$\int_{\mathbb{R}^n} f \, d\lambda=0$ if and only if $f(x)=0$ almost everywhere

Question

let's say $f: \mathbb{R}^n \to [0,+\infty]$ is a positive measurable function. I want to prove that $\int_{\mathbb{R^{n}}} f \, d\lambda=0$ if and only if $f(x)=0$ almost everywhere.

Let's say $f(x)=0$ almost everywhere. Name $g$ the zero function. Now it follows that $g$ and $f$ are almost everywhere the same. This means that the intergal of $f$ equals the integral of $g$ (which exists because we know that the integral of the zero function existst).
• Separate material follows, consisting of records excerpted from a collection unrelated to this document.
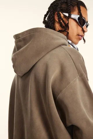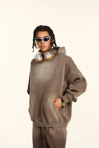 This 360g fleece hoodie combines heat-retentive performance with a contemporary oversized silhouette — designed for brands seeking comfort, structure, and modern appeal. Made with a 57% polyester, 38% cotton, 5% spandex blend, the Thermo-Warm® fleece fabric ensures quick heat-up, long-lasting warmth, and breathable comfort. The inner brushed fleece locks in heat efficiently, while the surface spraying technique adds rich texture and visual depth. Featuring a mock-neck hood, kangaroo pocket, and ribbed cuffs & hem, the piece maintains shape through consistent stitching and clean construction lines. The three-panel hood and drop-shoulder fit add to the relaxed yet refined look — ideal for urban casual and streetwear collections. Enhanced by a double-spray finishing technique, this hoodie offers premium layering visuals and a consistent, stable production base, perfect for scalable brand customization.
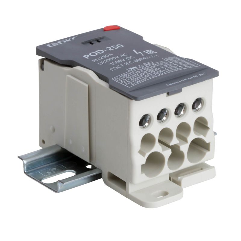 Главная/ Каталог / Колодки клеммные / Проходная клеммная колодка / Блок распределительный винтовой зажим 1х120кв.мм 2х35кв.мм 5х16кв.мм 4х10кв.мм DKC POD-250
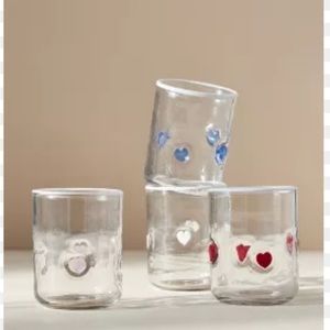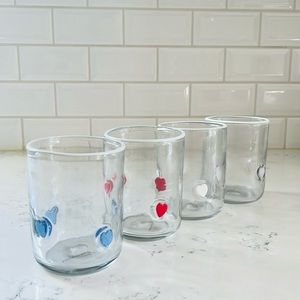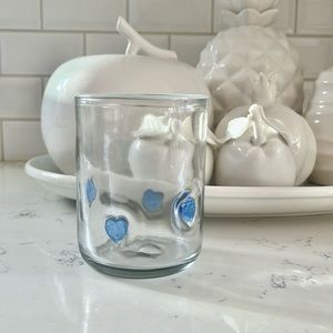 Charming glass tumbler with blue heart accents. Perfect for any dining setting. Not available on website anymore!

This means that $\int_{\mathbb{R}^n} f \, d\lambda=\int_{\mathbb{R}^n} g \, d\lambda=0$

Now the other side. Let's say $\int_{\mathbb{R}^n} f \, d\lambda=0$ . I know I need to do something with $f$ is positive because when it's not this implication wouldn't work. I just don't know how to start with this side. How do you start to prove this or what are thet tools?

Answer 1

Hint: suppose that $\lambda(\{x\mid f(x)>0\})>0$. Then argue that there exists $n$ so that $\lambda(\{x\mid f(x)>0)>1/n\})>0$. Now recall that the Lebesgue integral of $f$ is the supremum of the integral of all simple functions less than $f$. Can you find a simple function less than $f$ with positive integral to get a contradiction?

Answer 2

$$ \{ x : f(x)>0 \} = \{x: f(x)\ge 1\} \cup \bigcup_{n=1}^\infty \left\{x:\tfrac 1 {n+1} \le f(x) < \tfrac 1 n \right\} $$ If the set on the left has positive measure then one of the terms in this union has positive measure, and that measure times the corresponding lower bound on values of $f(x)$ in that set gives you a positive lower bound on the integral.